Johns Hopkins Medicine (JHM)
January 3, 2019
Almost everyone does it at some point — skip a dose of a medication, decide to not schedule a recommended follow-up appointment or ignore doctor’s orders to eat or exercise differently. Such nonadherence can seem harmless on an individual level, but costs the U.S. health care system billions of dollars a year. Now, Johns Hopkins researchers have shown how to best identify nonadherent patients, combining technology with the perceptions of health care providers.
The study, published online earlier this year and appearing in the December issue of Pediatric Nephrology, was conducted in a population of young people with chronic kidney disease, but likely holds lessons in how to track nonadherence more generally.
“We want to have better ways to figure out who is nonadherent so we can focus our efforts better on those patients who may require more assistance or specific resources to improve adherence,” says first author Cozumel Pruette, M.D., M.H.S., assistant professor of pediatrics at Johns Hopkins Children’s Center. “There are resources we can provide to boost adherence if we know who needs them.”
Between $68 billion and $150 billion of avoidable health care costs in the U.S. have been attributed to nonadherence, which is defined as any deviation from agreed upon recommendations from a health care provider. These rates can be especially high in children and young adults with chronic diseases who have to manage a complex regimen of medications. Poor adherence among youth with chronic kidney disease is one of the primary drivers for progression of the disease to end-stage renal disease.
Minimizing levels of nonadherence is a critical part of practicing high-value health care, something that Johns Hopkins and other large health care systems strive for. By improving patients’ adherence levels, avoidable long-term health care costs are lowered.
Today, there is no gold standard for identifying nonadherent patients, says Pruette. “At the bare minimum, it’s providers making an assessment of a patient during a clinic visit,” she says. A doctor or nurse may use lab values, imaging scans and patients’ reports during the clinic visit to make informed guesses about adherence.
New technologies have recently become available that give more objective measures of whether patients are following their medication regimen—electronic medical records connected to pharmacy data can tell doctors whether patients are refilling their prescriptions as often as they should be, and electronic pill boxes that record when they’re opened can give even more detailed day-by-day data.

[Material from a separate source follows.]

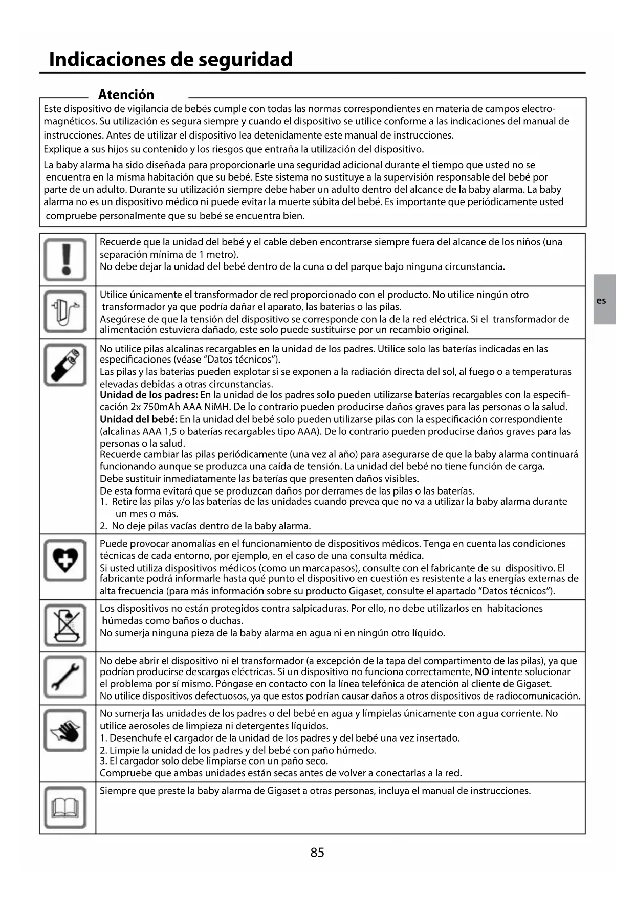 Puede provocar anomalías en el funcionamiento de dispositivos médicos. Tenga en cuenta las condiciones técnicas de cada entorno, por ejemplo, en el caso de una consulta médica. Si usted utiliza dispositivos médicos (como un marcapasos), consulte con el fabricante de su dispositivo. El fabricante podrá informarle hasta qué punto el dispositivo en cuestión es resistente a las energías externas de alta frecuencia (para más información sobre su producto Gigaset, consulte el apartado “Datos técnicos”). Los dispositivos no están protegidos contra salpicaduras. Por ello, no debe utilizarlos en habitaciones húmedas como baños o duchas. No sumerja ninguna pieza de la baby alarma en agua ni en ningún otro líquido. No debe abrir el dispositivo ni el transformador (a excepción de la tapa del compartimento de las pilas), ya que podrían producirse descargas eléctricas. Si un dispositivo no funciona correctamente, NO intente solucionar el problema por sí mismo. Póngase en contacto con la línea telefónica de atención al cliente de Gigaset. No utilice dispositivos defectuosos, ya que estos podrían causar daños a otros dispositivos de radiocomunicación. No sumerja las unidades de los padres o del bebé en agua y límpielas únicamente con agua corriente. No utilice aerosoles de limpieza ni detergentes líquidos.

In the new study, Pruette and her collaborators used five different measures of nonadherence in a population of 87 adolescents and young adults, ages 11 through 19, with chronic kidney disease or end-stage renal disease. All enrolled patients were seeing one of 17 participating medical providers at one of three academic medical centers. The measures of adherence were provider reports (in which a health care provider estimated a patient’s medication adherence after a clinic visit), patient reports and caregiver reports (both being eight-question surveys), electronic pill boxes (which record the date and time of every pill bottle open), and pharmacy refill data.

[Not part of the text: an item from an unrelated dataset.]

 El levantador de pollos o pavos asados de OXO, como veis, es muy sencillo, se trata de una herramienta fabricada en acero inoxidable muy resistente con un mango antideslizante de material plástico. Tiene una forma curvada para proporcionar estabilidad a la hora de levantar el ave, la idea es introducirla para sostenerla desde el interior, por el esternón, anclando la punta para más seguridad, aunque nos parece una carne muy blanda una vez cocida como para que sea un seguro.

Health care providers and electronic pillboxes both classified 34.5 percent of patients as nonadherent, although they disagreed about which patients were nonadherent. Patient reports, caregiver reports and pharmacy refill data all classified between 50 and 61 percent of patients as nonadherent. Combining provider reports and pharmacy refill data, the researchers showed, led to the most balanced sensitivity (0.90) and negative predictive power (.88).
“In general, providers are already doing assessments of patients’ adherence levels, and most clinical practices have the ability to access pharmacy refill data, so this is a very feasible thing to start doing in a clinical setting,” says Pruette.
More research is needed to show whether the combination of provider assessment and pharmacy data is the best way to measure adherence levels in other patient populations.
“We can’t say what other specific populations our findings apply to, but it’s likely generalizable that some kind of multi-modal approach is really the most meaningful in identifying nonadherence and providing us with the greatest level of information to help patients improve their adherence,” says Pruette.
Other authors on the paper include Cyd Eaton, Tammy Brady, Barbara Fivush, Michelle Eakin and Kristin Riekert of the Johns Hopkins University School of Medicine; Shayna Coburn of the George Washington School of Medicine; Shamir Tuchman of Children’s National Health System; and Susan Mendley of the National Institutes of Health.
This work was supported by the National Institute of Diabetes and Digestive and Kidney Disease (R01DK092919).